Statistical Process Control also determined the control limits through the utilization of all the models in the control set and then evaluated every model to the control limits. Any sample that fell outside the control limit was done away with from the calculation and the statistical process control would reevaluate the control limits using the other models. The procedure would go on until all the models were within the control limits or to such a moment that nearly half of the models were removed from the calculation. The anomalous sample points were removed and disregarded in the control limit evaluation.
According to Yu (2007), seasonal factors were connected to given durations of time marked by a given activity. In other words, these factors were short-term behaviors within the anticipated data as a result of a given duration of time. Even though the implementation process of minimizing the time taken to get ready for class took place during the first week, a seasonal factor pushed a data point out of the control limits.
The general temperature was the seasonal aspect that negatively affected the overall time taken to get ready for the classes. The classroom and outside temperatures dictated the type of clothing worn by the student. On warm days the student chose to wear shorts and as a result reduced the time taken to get ready for the classes as compared to the cold days.
Morris & Ha (2002) noted that uncertainty was an assessable approximation of error that was found in all process performance data gathered. Computing the confidence interval was a tactic that was mainly applied in the removal of uncertainty. The confidence interval was also used in obtaining the approximated scope of values around the mean to articulate how exact the evaluation was. Confidence intervals presented three main factors applied in the computation, thus, the standard error, the mean, and the z value. The assurance level determined the amount of confidence interval.
A confidence interval of 99% would be very narrow in comparison to a 95% interval that depicted a larger confidence level. The overall number of the data points is considered an essential factor for the computation of the confidence intervals. Fewer data points would result in a wide range thereby resulting in difficulty in identifying the exactness, that is, a larger number of data points narrowed the range thereby making the data collected more important.
In conclusion, I would like to note that every given process comprises routine steps with the objective of finishing a given task. Throughout the first week, getting ready for the classes each morning, in a timely way was such a demanding process that the improvement plan wanted to utilize minimal time carrying out. Data gathered on a daily basis and analyzed at the end of the third week depicted a bottleneck that was in existence within the process.
In spite of this, the application of Goldratt’s theory of constraints overcame the difficulties that were present in the process, and the process enhancement process began.
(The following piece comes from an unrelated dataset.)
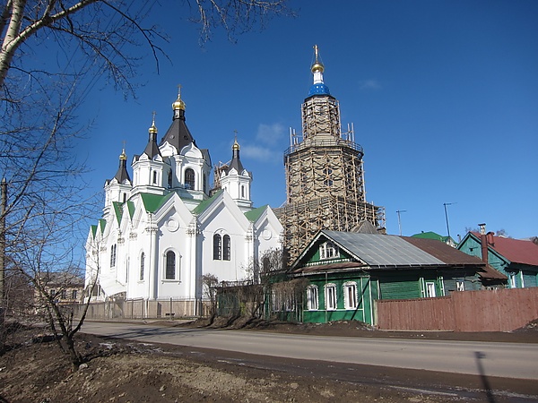 Тёплый храм Рождественского прихода, возведенный в 1850—1852 наследниками купца-откупщика А. М. Заяшникова. Выстроен вместо прежнего каменного здания. Восьмистолпный храм в русско-византийском стиле с пощипцовыми завершениями прясел фасадов, увенчанный пятью шатровыми куполами. Боковые приделы Благовещенский и Николая Чудотворца и прмч. Евдокии. Закрыт в 1940, передан под пекарню, купола сломаны. В 1990-х возвращён верующим, отреставрирован.

As a result, the paper utilized statistical process control to explain the control limits, seasonal factors that affected the data gathered, and the confidence intervals and their importance based on the number of data points using the data gathered from the first week.
Kanji, P. G., & Arif, H. O. (2010). Statistical Process Control. Friendswood, Texas: Wisdom House.
Morris, R. K., & Ha, W. T. (2002). The Book of Statistical Process Contro. Orland Park, Illinois: American Technical Publishers Limited.
Yu, L. (2007). A Statistical Process Control Approach to Cycle Counting for Retail Environments. Ann Arbor, Michigan: ProQuest,.